The gaunt man bridled. ‘It showed that, back in those much despised days of the Czar, a man's life at least
mattered.
'

There was a thoughtful silence. Finally someone I couldn't see said idly, ‘Twenty-five years . . . Now it's as routine as getting a ticket for the bath-house.'

‘Better than Tygor's sentence,' someone reminded him.

I couldn't help it. I was curious.

‘So what is that?'

Everyone glanced at a man with a badly torn lip as if to offer him the chance to tell his own story. He simply shrugged, so one of the others answered in a
tone of mock solemnity: ‘Tygor's been sentenced to the “Supreme Measure”.'

He'd picked the wrong way of saying it. Tygor's indifference snapped. ‘Leave out their mealy-mouthed fudging! Do me the honour of calling my sentence by its real name.'

Shocked to be staring into the face of a man with no future, I failed to guard my tongue. ‘What?' I said. ‘
Death
?'

‘A smart boy!' someone sneered. ‘And I see from the scabs on his face that he's already learned that the word “persuasion” means being kicked around the cell till blood spurts out of your ears.'

There was another burst of laughter. And suddenly my spirits rose. I looked at these men – sweating and filthy, some of them wearing rags, and half of them old enough to be my own father – and I felt comfort. It was as if a trapdoor had been flung open above my head.
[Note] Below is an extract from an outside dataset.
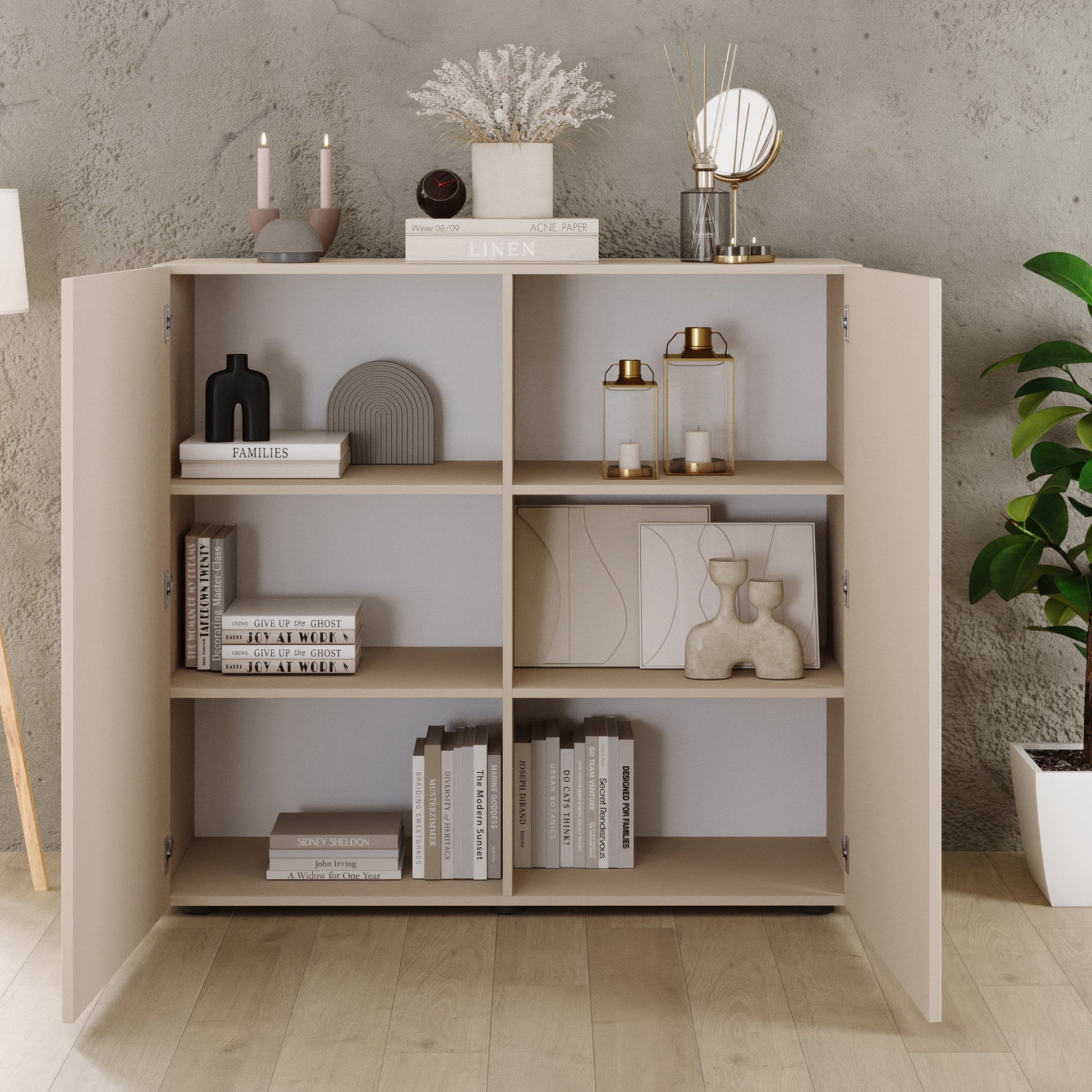 The Raveena two-door high sideboard in a cashmere finish offers ample storage with two doors—one opening on the left and one on the right—revealing four wooden shelves inside.

Before, I'd only seen a few slim shafts of truth filtering down between boards. Now, suddenly, plain-speaking flooded in like noonday light. What did it matter that I was sitting by a stinking bucket if, every time one of these men opened his mouth, I learned so much about the world around me? Another man would be thrown in. Another, like Tygor, pulled out. And each would have his story – even if those still in
the cell turned out to be the only ones to learn its end.

Tygor never came back. When, three days later, word was tapped through the walls about his fate, one of the men said idly: ‘To think our only epitaph will be the letter.'

I raised my head from chasing lice. ‘What letter?'

He grinned. ‘The one to the family. “This prisoner has lost the right to send or receive correspondence.”'

I felt a jolt of shock. ‘That means you're dead?'

‘What else?'

The solemn man the rest of them had taken to calling the ‘True Believer' spoke up as usual. ‘It is the duty of those in power to put a stop to disaffection. That way, things will go better for the state.'

There'd been the usual wave of scorn. ‘What, is Father Trofim listening behind the wall?'

‘Save your prattle for your next party meeting.'

‘Your own arrest was a mistake, of course! As soon as they realize what a loyal citizen you are, they'll send you back to your family.'

‘Might even offer an apology. Why, Our Great Leader may go so far as to invite you for tea!'

True Believer scowled. The huge man at my side, whose wounds still wept from his last battering, tugged at my sleeve and nodded across the cell. ‘Believe me,
boy. That fool there's not the only monument to the power of Habits of Thought. You tell some men one great fat lie when they're still young, and they'll believe it all their lives. Nothing will shake them.'

He raised his voice at True Believer. ‘Not even the evidence of their own eyes! Not even being dragged through a three-minute hearing instead of a proper trial, then dumped in this cage!'

I thought, with True Believer pretending not to hear, he'd let the matter drop. But, perhaps because of the pain of his wounds, perhaps through the anguish of worry about his family, the big man was working himself up into a fury. Now he was bellowing across the press of bodies: ‘Admit it, cretin! You still believe all that fine tosh poured into your ears about Our Noble Leader. You still believe if the great man knew what was happening, everything would change! You really think that, don't you?'

Like some strange marionette, True Believer offered him only a blank face and yet another of those loyal remarks that seemed directed more at some microphone he thought might be hidden in the wall than at any real person. I was reminded how my parents had always said the safe thing in front of strangers. Did True Believer
really
still believe? Or
did he secretly hope that one of the stool-pigeons put into every cell to snitch on others would bother to carry his words back: ‘But there's a loyal man in cell nineteen. And we must let him go!'

By now, the man beside me had sunk back furiously into himself, spluttering and cursing.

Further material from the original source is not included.